Exercise directions. Make an exact copy of the lines from the one holding "Składniki zawarte w" through the end of the entries below, both ends kept, and of nothing else. Exclude pictures.

= = = = = = =

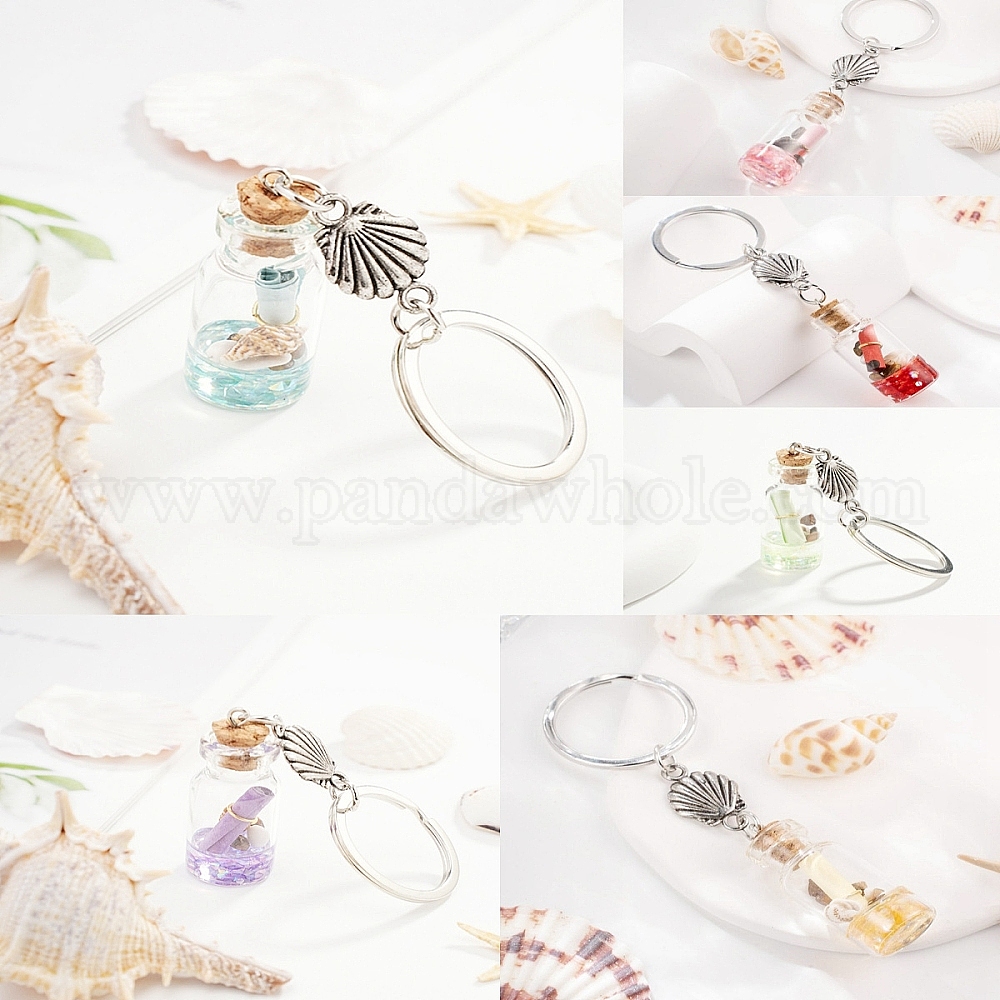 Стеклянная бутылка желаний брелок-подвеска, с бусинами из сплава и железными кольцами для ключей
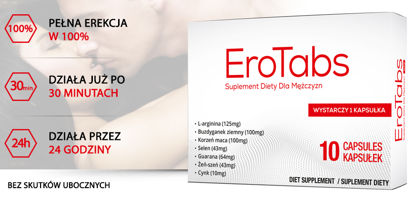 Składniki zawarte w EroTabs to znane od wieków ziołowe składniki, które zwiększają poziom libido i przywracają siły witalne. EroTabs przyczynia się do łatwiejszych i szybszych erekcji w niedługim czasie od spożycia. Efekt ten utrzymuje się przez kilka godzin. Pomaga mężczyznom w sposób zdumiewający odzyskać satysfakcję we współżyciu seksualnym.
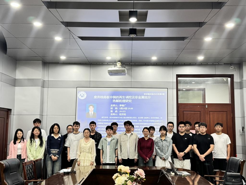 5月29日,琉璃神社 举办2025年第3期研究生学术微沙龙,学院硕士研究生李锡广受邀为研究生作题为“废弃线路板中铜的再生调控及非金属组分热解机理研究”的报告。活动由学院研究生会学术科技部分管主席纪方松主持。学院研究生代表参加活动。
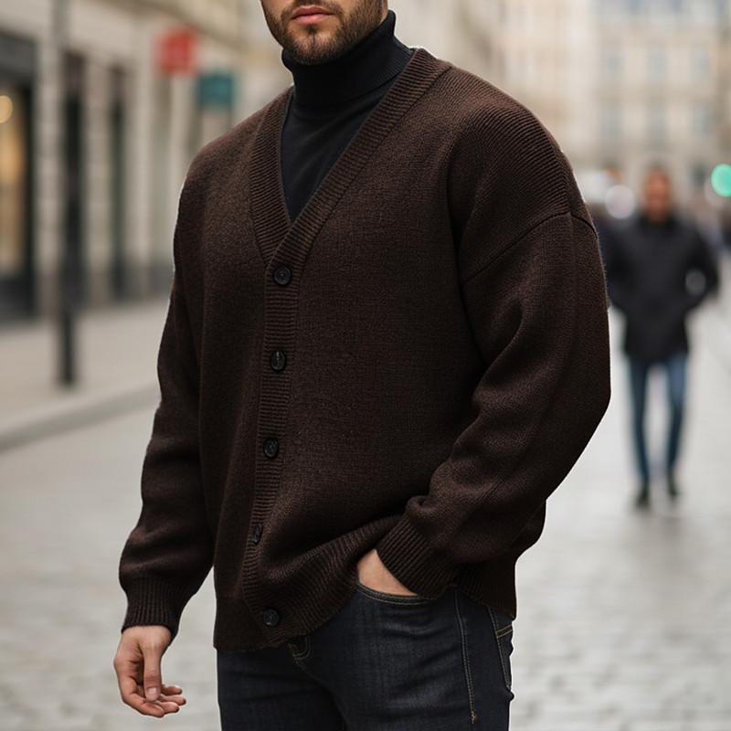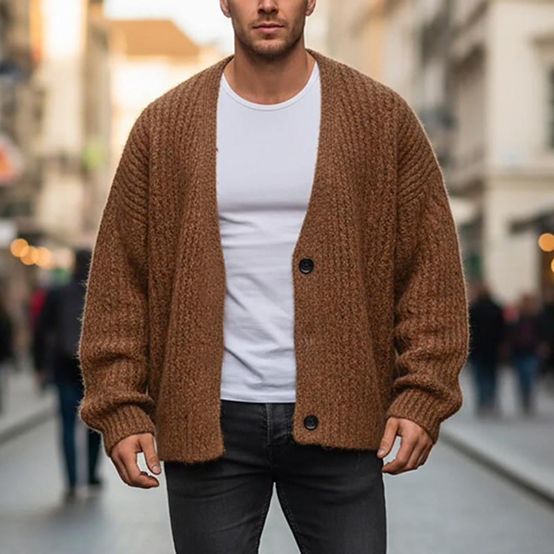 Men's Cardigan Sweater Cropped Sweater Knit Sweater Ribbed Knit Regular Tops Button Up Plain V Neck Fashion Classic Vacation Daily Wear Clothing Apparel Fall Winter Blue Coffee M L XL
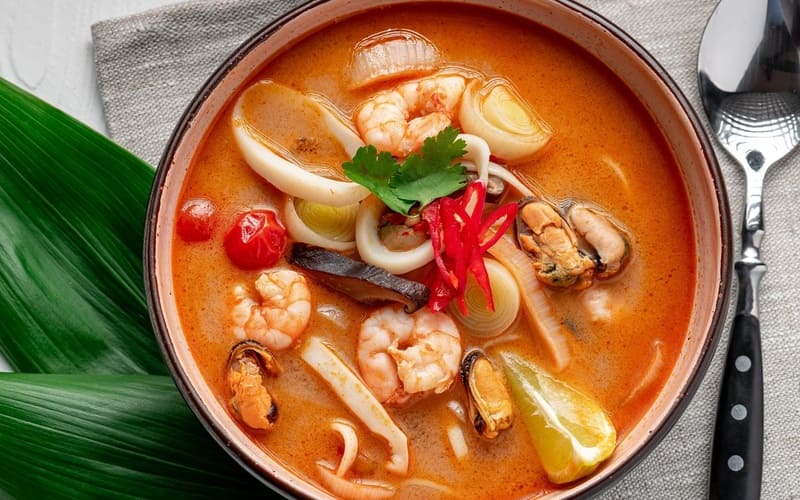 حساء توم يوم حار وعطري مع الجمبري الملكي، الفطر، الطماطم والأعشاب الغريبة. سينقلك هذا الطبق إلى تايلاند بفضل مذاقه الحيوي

= = = = = = =

Completed task.
 Składniki zawarte w EroTabs to znane od wieków ziołowe składniki, które zwiększają poziom libido i przywracają siły witalne. EroTabs przyczynia się do łatwiejszych i szybszych erekcji w niedługim czasie od spożycia. Efekt ten utrzymuje się przez kilka godzin. Pomaga mężczyznom w sposób zdumiewający odzyskać satysfakcję we współżyciu seksualnym.
 5月29日,琉璃神社 举办2025年第3期研究生学术微沙龙,学院硕士研究生李锡广受邀为研究生作题为“废弃线路板中铜的再生调控及非金属组分热解机理研究”的报告。活动由学院研究生会学术科技部分管主席纪方松主持。学院研究生代表参加活动。
 Men's Cardigan Sweater Cropped Sweater Knit Sweater Ribbed Knit Regular Tops Button Up Plain V Neck Fashion Classic Vacation Daily Wear Clothing Apparel Fall Winter Blue Coffee M L XL
 حساء توم يوم حار وعطري مع الجمبري الملكي، الفطر، الطماطم والأعشاب الغريبة. سينقلك هذا الطبق إلى تايلاند بفضل مذاقه الحيوي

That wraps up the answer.